Perhaps I pitied the Cosm because they were innocent of the knowledge of doubt? Maybe what I felt was envy that someone like Ishapur would never doubt that gods existed or that the gods cared about people in the way that people believed the gods cared.
"Ishapur, it is true: the gods chose me," I said, beginning to feel fatigued. "They chose me before I was even born on Erdos. They permitted me to keep my identity from a previous life on a different world. I am not 16 or thereabouts. I'm really eighty-seven if you add up the years from both lives.
"The gods didn't choose me, actually. What they chose was the knowledge in my head, including how to make stuff like metals from rocks or cleaning supplies from seawater. They wanted me and no one else because of the contents of my head. And I had to be a Coyn prophet to break the false dogma that only the Cosm were blessed by the gods. To give teeth to the gods' demand that slavery be abolished, I had to be born into the slave race most despised by the Cosm.

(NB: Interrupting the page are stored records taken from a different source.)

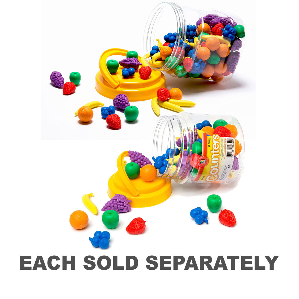 Count the fruit, name the fruit or sort the fruit. Keep little minds busy playing shops or just having fun. Comes in a sturdy PET jar of 108. 6 shapes and 6 colours.
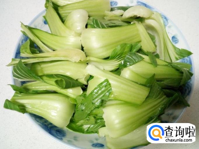 把油菜放入热水锅中汆一下,再用凉水过一下,控干水分,备用。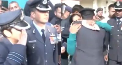 ان کی اہلیہ، جو خود بھارتی فضائیہ میں حاضر سروس افسر ہیں، آخری رسومات میں شدید غم سے نڈھال دکھائی دیں

"But Ishapur, while the gods have their reasons for choosing me, I did not know I was chosen until a year ago, which was more than a year after my first revelation. For a job I didn't want and can't turn down, some advanced notice might have been nice. But I never got that from our eleven gods. Instead, I got strung along for a year like a drop spindle, thinking I could wind up the work of the revelations and get my life back. The moral of a really long story is that the gods did a bait-and-switch on me, luring me in with the gig work as a revelator but then trapping me with an unwanted lifetime contract to be a prophet."
All three Cosm in the room were gaping at me. I should probably learn how to keep my mouth shut in front of Cosm who I don't know well when discussing my life as a prophet.
"But don't the gods protect you? Veronteegan asked. "Isn't life as a prophet better than life as a slave?"
"Before I shock you poor people any further," I said, "can I ask that someone set my shoulder and my leg, please? I assume that Ishapur will not attempt to murder me a second time today. Then, once the bones are set and splinted, I'd be happy to tell you my story."
The rest of the day followed what I proposed. A greatly chastened Ishapur healed the breaks in my shoulder and leg. Then, I related the story of my two lives to my Cosm hosts. We talked all afternoon until I fell asleep without meaning to.